I’ve finally had time to look through the 1000s of images I shot in Alaska on this year’s eagle trip. I think I did better than last year, which is surprising since two of the three cameras I was using were literally right out of the box. Normally, I count my knowledge of my camera as part of the reason for my success. I think it’s better to understand everything you possibly can about the camera you have, rather than worrying about buying the next best thing. But since I like to test cameras in real world situations, I took a chance. Luckily my existing familiarity with the Canon 1D MK IV and 5D MK II made using the MK III easier than it would have been if I’d gone in cold. Likewise, I have lots of experience with the D3 and D3s but the D4 moved the menus and buttons so it was a little harder for me. In the end, I got great shots from all three cameras. But that brings up an interesting point. The 1D MK IV – which has been out for a while now, offered me the highest percentage of keepers. So it’s not always the new thing that brings you success.

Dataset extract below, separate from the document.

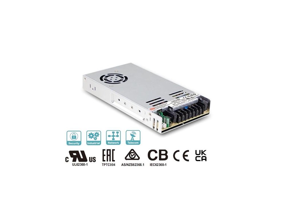 Profesionální spínaný napájecí zdroj Mean Well se zálohovací funkcí s výstupním napětím 41V a výstupním výkonem 240W pro aktivní prvky s odpovídajícím napájecím rozsahem.

And speaking of cameras, I got my 103,279,271th reminder that too many of you think the camera is the secret behind success. I got lots of email about the Alaska trip that went something like this:

“I love the picture of the eagle doing _________ and I just HAVE to know, which camera did you use on that one.”


As if THAT camera would make THAT person a master wildlife photographer. Believe me folks if there were such a thing as a magic camera – I would own it. And I’d even tell you where to buy it. But there isn’t.

You can have the best camera in the world, but if you don’t have the passion, the eye, the experience, the hunger and the subject knowledge – you won’t get the shot.

I’ll wrap up by talking about subject knowledge. There is no substitute for knowing your subject. I’ve photographed birds for a long time, and lots of raptors and lots and lots and lots of eagles. I’ve learned a great deal about them. I study them at an ornithological level. The more I know about them, the better my pictures turn out. That holds true whether you’re photographing birds, brides, food, architecture, or any other subject.

Here’s another way to look at it. Say you were standing in China Poot Bay photographing eagles with gear that was inferior to that of the man shooting next to you. Say that he had 10 years of photo experience more than you – but you had 10 years more study of the subject – I’m willing to bet you’d get the better shots more often than not.

So don’t worry what camera I used – worry about learning how to get the most out of the one you have. Photograph things you know and care about. Develop your eye. Practice. Apply yourself. Develop a thirst for great light. Get to know everything you possibly can about your subject(s). Like David DuChemin says, “Gear is good, vision is better.”